I have frontier fios and last year i got a new tivo bolt vox and i took out the cablecard from my old tivo premiere and installed it in my bolt and it worked fine. Now i want to get the edge and move the bolt to the bedroom to replace the tivo pro now that i have a 4k tv in there.


----------



## Ocresident (Aug 18, 2015)

My Bolt died a few weeks ago and TiVo swapped it out for an Edge unit. I swapped the cable card and it worked fine. I like the Edge unit. It’s faster than the Bolt.
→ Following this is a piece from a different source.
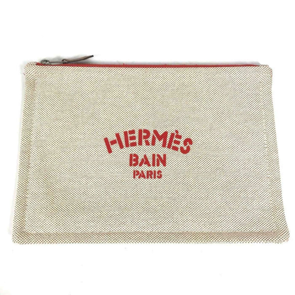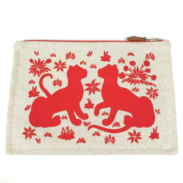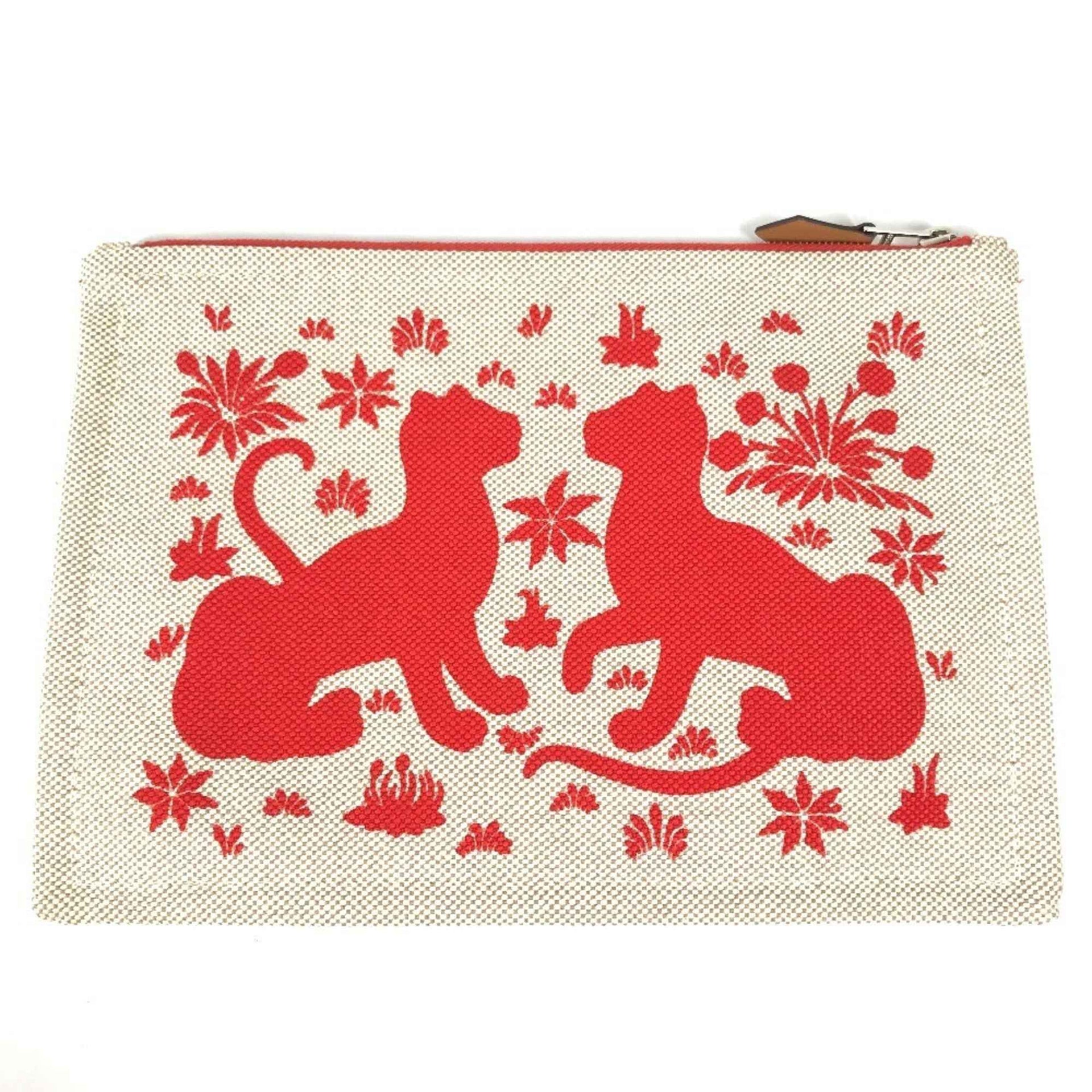 HERMES Leopard New Yachting PM Flat Pouch, Multi-Pouch, Clutch Bag, Cotton, Red, Men\'s and Women\'s

The only downside is I went from a 3TB Bolt to a 2TB Edge.


----------



## hirschma (Oct 17, 2002)

KENL said:


> Went to the Fios site and found an automated option to update/change the cable card to the new box. Worked fine just had to supply info from the box. Worked the first time. I would assume it would work with a new Edge box.


Thanks for the reply - any chance that you might recall the URL for the automated option? I cannot find one.


----------



## KENL (Dec 16, 2008)

hirschma said:


> Thanks for the reply - any chance that you might recall the URL for the automated option? I cannot find one.


I signed into my Verizon account, did a search for "cablecard". Ended up at this url: CableCARDs | Verizon TV Support 
Hope this helps.


----------



## hirschma (Oct 17, 2002)

KENL said:


> I signed into my Verizon account, did a search for "cablecard". Ended up at this url: CableCARDs | Verizon TV Support
> Hope this helps.


Many thanks for that.

Question: did you have to provide (or still have) your activation code?


----------



## KENL (Dec 16, 2008)

hirschma said:


> Many thanks for that.
> 
> Question: did you have to provide (or still have) your activation code?


Sorry, I did it 6 months ago, don't remember using activation code.


----------



## Stuart Miller (Feb 25, 2017)

I just switched from my old Roamio to a new Edge. I did the Verizon Fios self install activation (www.verizon.com/fiostv/selfinstall). I had to provide the activation code first issued with the cable card (from 2014). Later that evening, I kept getting the cableCARD synch onscreen msg ("In order to start cable service for this device, please contact your cable provider 1-888-897-7499". I had to provide them with CableCARD ID, HOST ID and Data ID. The tech on the line entered the info on their end and then it was all set. Tip - call evenings or later at night and almost no wait.


----------